Immigration Services (“USCIS”); and Alissa Emmel in her official capacity as Chief of the

Immigrant Investor Program Office of USCIS (collectively, “Defendants”). Ms. Krihely seeks

relief under the Administrative Procedure Act (“APA”) (5 U.S.C. §§ 555, 706) and the

Mandamus Act (28 U.S.C. § 1361) based on allegations that Defendants have unreasonably

delayed adjudication of her I-526 immigration petition. Defendants moved to dismiss the

complaint for failure to state a claim under Federal Rule of Civil Procedure 12(b)(6) on January

23, 2023 and submitted an erratum on February 3, 2023. Ms. Krihely filed an opposition on

March 31, 2023, and Defendants filed a reply on April 7, 2023. For the reasons set forth below,

the Court grants Defendants’ motion to dismiss. II. FACTUAL BACKGROUND

The U.S. government’s EB-5 program allots “immigrant investor visas” to those who

make a qualifying investment in the United States. See Compl. ¶ 25, ECF No. 1; 8 U.S.C.

§ 1153(b)(5)(A)(i)–(ii). Immigrants who contribute to “employment creation” of at least ten jobs

by investing at least $1,000,000 in a new commercial enterprise or at least $500,000 in a

“targeted employment area” are eligible for an EB-5 visa.1 See 8 U.S.C. § 1153(b)(5)(A)(i)–(ii),

(b)(5)(C)(i)–(ii); Compl. ¶ 25; Mem. P. & A. Supp. Defs.’ Mot. Dismiss (“Defs.’ Mot.”) at 1–2,

ECF No. 5-1. One way to satisfy the EB-5 requirements is to invest in a designated “regional

center,” which pools investments from immigrant investors. See Defs.’ Mot. at 2; Devani v. U.S.

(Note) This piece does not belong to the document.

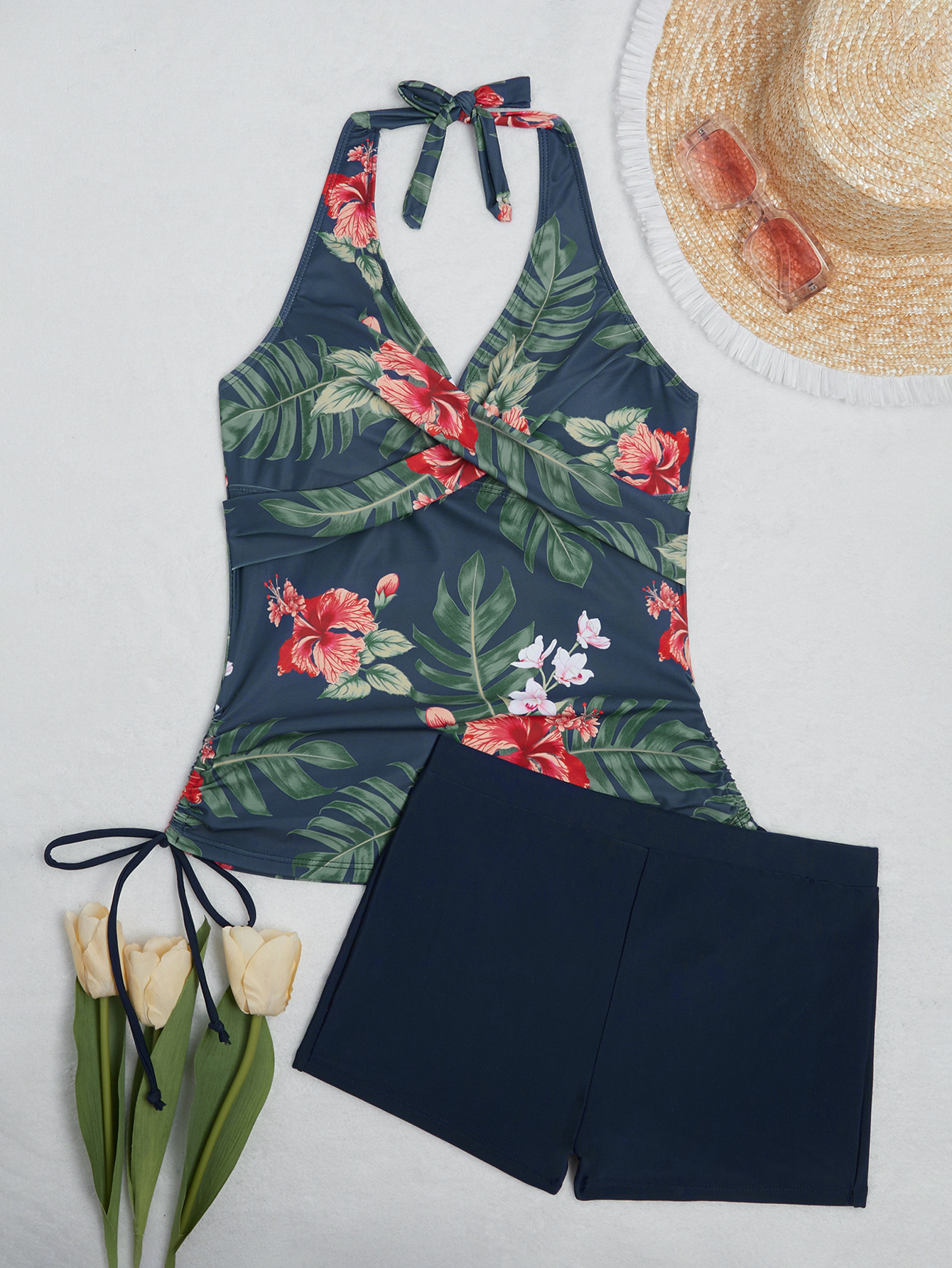 2024 여성 패션 하이 엔드 투피스 스플릿 수영복 슬링 드로우 스트링 수영복, 복서 반바지 탄키니 수영스토어 가기

Citizenship & Immigr. Servs., No. 22-cv-01932, 2023 WL 2913645, at *1 (D.D.C. Apr. 12,

2023).

Congress designed the Regional Center Program as a temporary or “pilot” program that it

has “periodically reauthorized.” Da Costa v. Immigr. Inv. Program Off., No. 22-5313, 2023 WL

5313526, at *3 (D.C. Cir. Aug. 18, 2023). However, the Regional Center Program’s statutory

authorization expired on July 1, 2021. Defs.’ Mot. at 7. About eight and a half months later, on

March 15, 2022, the President signed an appropriations bill into law that included a standalone

bill revising and reauthorizing the Regional Center Program. See Consol. Appropriations Act,

2022, Pub. L. No. 117-103, Div. BB, § 103, 136 Stat. 1070, 1070–1100; Defs.’ Mot. at 7.

During the period without authorization, USCIS placed previously filed I-526 petitions on hold;

USCIS then resumed processing them upon reauthorization. Defs.’ Mot. at 7–8; see EB-5

1 Subsequent to Ms. Krihely’s petition, Congress increased the minimum investment levels to $1,050,000 and $800,000, respectively. See Consol. Appropriations Act, 2022, Pub. L. No. 117-103, Div. BB, § 103, 136 Stat. 1070, 1072.

2 Reform and Integrity Act of 2022 Listening Session (“USCIS Listening Session”), USCIS, at 4–5

(Apr. 29, 2022), https://perma.cc/T2K9-YKCU?type=standard.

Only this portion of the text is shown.